Slicing and selecting using .iloc[]¶
Watch it
See the accompanied youtube video at the link here.
Up until point, we have been manipulating our dataframe with column and
row labels using .loc[]
.
Slicing can also be done by the location position of each row with
.iloc[]
.
.iloc[]
is very similar to .loc[]
, however, the “i” in iloc
refers
to the index integer position.
Slicing Dataframe¶
We are going to return to our cereal dataset and take a look at the first 10 rows.

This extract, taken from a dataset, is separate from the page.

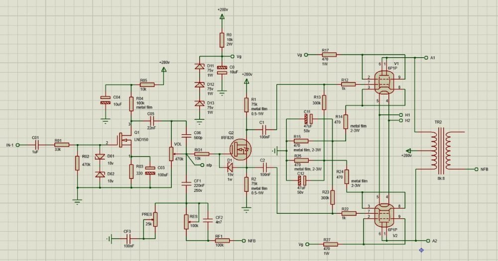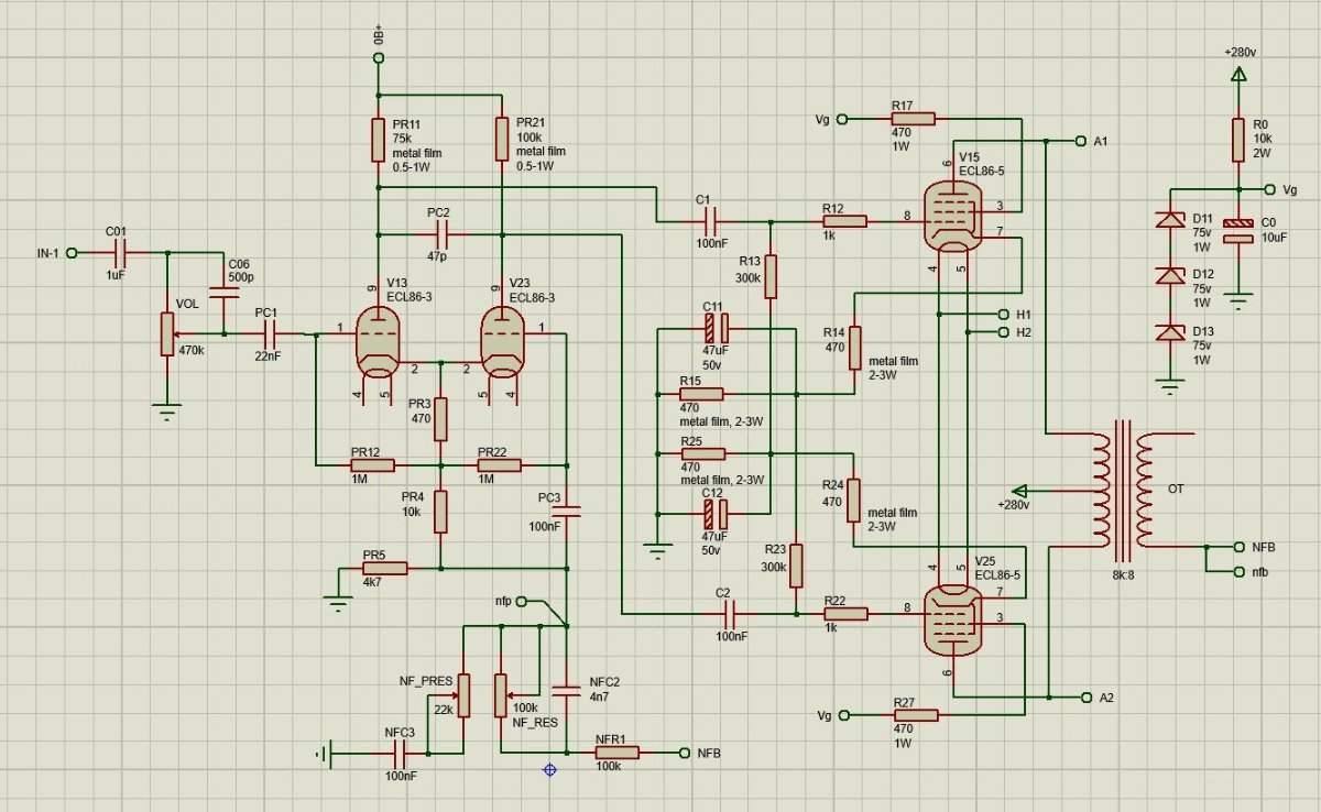 Схеми варианти крайни стъпала. 6П1П ECL 86 Още една кутия, вкл. шаси от еталбонд, за амп с 6П6С (6V6) Мисля че стана доста прилично шаси (лесно пробиваемо) от еталбонд, като останалата част от кутията. Схемата не съм я нахвърлял, но има допълнително гнездо за лампа двоен триод, split tail фазоинвертер.Няма да има операционни, нито lnd150 предусилвател, само буфери с irf820. И ще пробвам да го направя обемен монтаж на реглети от текстолит, възможно по-винтидж. Захранването няма да стане така обаче - стабилизирано на отоплението и капацитивен умножител с IRF820, ще иска някакви платки...
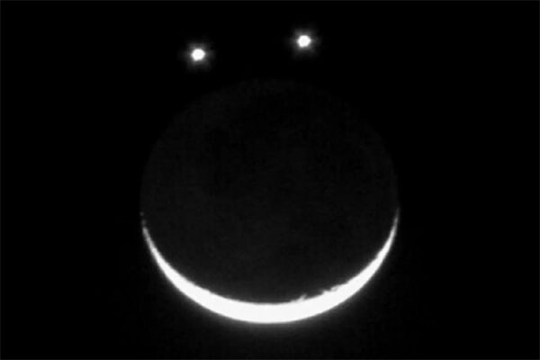 ఏప్రిల్ 25న తెల్లవారుజాముకు ముందు శుక్రుడు, శని... చందమామ (నెలవంక)కు అతి సమీపంలోకి రానున్నాయి. ఒక దగ్గరే కనిపించనున్న ఆ మూడు... 'స్మైలీ ఫేస్' ఆకృతిని ప్రతిబింబించనున్నాయి. సూర్యోదయానికి ముందు అతి తక్కువ సమయం మాత్రమే కనిపించనున్న ఈ అద్భుత దృశ్యాన్ని ప్రపంచంలో ఎక్కడినుంచైనా వీక్షించేందుకు అవకాశం ఉంది.

cereal = pd.read_csv('cereal.csv')
cereal.head(10)
name | mfr | type | calories | protein | fat | sodium | ... | sugars | potass | vitamins | shelf | weight | cups | rating | |
---|---|---|---|---|---|---|---|---|---|---|---|---|---|---|---|
0 | 100% Bran | N | Cold | 70 | 4 | 1 | 130 | ... | 6 | 280 | 25 | 3 | 1.00 | 0.33 | 68.402973 |
1 | 100% Natural Bran | Q | Cold | 120 | 3 | 5 | 15 | ... | 8 | 135 | 0 | 3 | 1.00 | 1.00 | 33.983679 |
2 | All-Bran | K | Cold | 70 | 4 | 1 | 260 | ... | 5 | 320 | 25 | 3 | 1.00 | 0.33 | 59.425505 |
3 | All-Bran with Extra Fiber | K | Cold | 50 | 4 | 0 | 140 | ... | 0 | 330 | 25 | 3 | 1.00 | 0.50 | 93.704912 |
4 | Almond Delight | R | Cold | 110 | 2 | 2 | 200 | ... | 8 | 1 | 25 | 3 | 1.00 | 0.75 | 34.384843 |
5 | Apple Cinnamon Cheerios | G | Cold | 110 | 2 | 2 | 180 | ... | 10 | 70 | 25 | 1 | 1.00 | 0.75 | 29.509541 |
6 | Apple Jacks | K | Cold | 110 | 2 | 0 | 125 | ... | 14 | 30 | 25 | 2 | 1.00 | 1.00 | 33.174094 |
7 | Basic 4 | G | Cold | 130 | 3 | 2 | 210 | ... | 8 | 100 | 25 | 3 | 1.33 | 0.75 | 37.038562 |
8 | Bran Chex | R | Cold | 90 | 2 | 1 | 200 | ... | 6 | 125 | 25 | 1 | 1.00 | 0.67 | 49.120253 |
9 | Bran Flakes | P | Cold | 90 | 3 | 0 | 210 | ... | 5 | 190 | 25 | 3 | 1.00 | 0.67 | 53.313813 |
10 rows × 16 columns
Let’s say we want the rows from All-Bran
to Apple Cinnamon Cheerios
,
but we want to slice based on their position instead of their label.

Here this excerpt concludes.